One of the most frustrating things about being a Doctor Who (aside from looking at your feet in shame as the cashier glares at you for being so sad) is the quality of the stories on offer. 60% of the show is solid, dependable, damn right watchable. It has flaws certainly but overcomes them on the strength of imaginative ideas, engaging performances and good writing. Unfortunately 20% of the show is also utter garbage, the downtrodden stories that leave a bad taste in the mouth because they are so embarrassingly awful (cmon you all know which stories you HATE).
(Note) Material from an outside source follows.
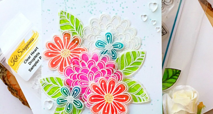 To finish my design, I stamped the sentiment with Versafine Onyx Black ink and added the Sparkling Hearts droplets on the card.  Here’s another look:

And finally there is the last 20%, the stories that are so beautifully crafted, so well told, terrifically made and acted television, let alone Doctor Who.
Frontios without a shadow of a doubt falls under that last category. It is only frustrating because it highlights so many of the faults of the Davison era by being so utterly wonderful.
I have to be honest with you, season 21 needed Frontios. The last four stories had been absolute turkeys (in my eyes) and I was seriously considering dumping the Davison videos and ignoring the new ones that came out. But good ol Frontios changed all that, it redefined what 80s Doctor Who could achieve, what Davison could achieve and reminded me that JNT actually did understand what a fan like me wanted.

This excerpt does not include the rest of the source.